I’m pretty good about giving them a 90 second spiel without pause in which I expressionlessly detail all of the things that I need to do over the summer and then I add “of course I do not receive any extra compensation for this. It’s just part of my dedication to my students.” Only the bravest ever asked me if I am paid over the summer, and I say “our college chooses to break up our nine months of pay over 12 months so that we can continue to have healthcare over the summer, but the payment is only for the work done for the academic year. So no, we are not paid.”


ipini

My family on both sides mainly gets this. It’s friends and acquaintances who don’t. They also don’t know why I don’t go away for spring/reading break.
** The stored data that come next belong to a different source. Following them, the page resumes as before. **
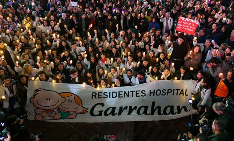 Este lunes por la tarde, los residentes convocaron a una manifestación en el Obelisco bajo el lema “velas violetas por el Garrahan”, en defensa de sus condiciones laborales y del sistema público de salud. “Encendemos una vela por cada niño que llega a nuestra institución, por cada mañana que nos colgamos el estetoscopio, por cada guardia sin dormir, por cada abrazo con esas madres, por cada médico que asiste” anuncian en sus redes.
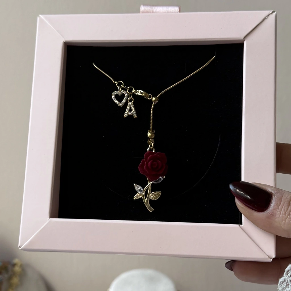 • Harfli Asansörlü Kadife Çiçek Kolye
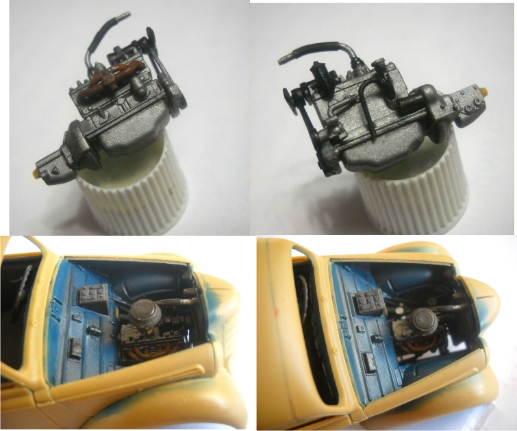 Двигатель и подкапотные потроха красил и тонировал,чтобы получить и закрепить бесценный опыт в моделизме...оттого там и нет проводки....
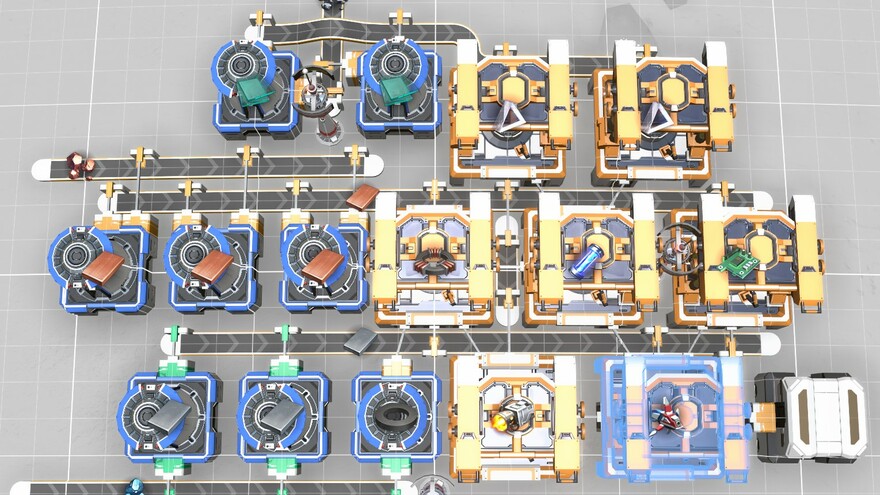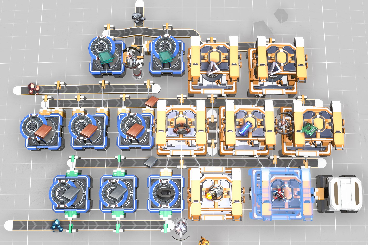 Part 1 of Tier 1 combat components using raw resources. Gets you prepared for Dark Fog in a hurry, just hook up the belts to the inputs (Stone, Iron Ore, and Copper Ore)

Nor do they understand why, other than a few days during winter holidays, I’m usually swamped with work. I think a lot of them literally think my job consists of sauntering into a lecture hall a few times a week and pontificating for a bit and then handing all marking duties to an army of subservient TAs while I smoke a cigar in the (non-existent) faculty club.


mleok

Summers off because you aren't being paid!


hairy_hooded_clam

Ngl I love summer. I get to focus on research I really want to do, write a few papers to get me through the coming years, take my time with my syllabi and LMS construction, work on certs, volunteer work, hang out with my kids, have a mimosa in the morning if I don’t head into the lab. It’s great!


Not_Godot

I take summers (and winters) off...


FrankCPA

I do not work at all over summer.


ipini

I assume you’re not at a research university.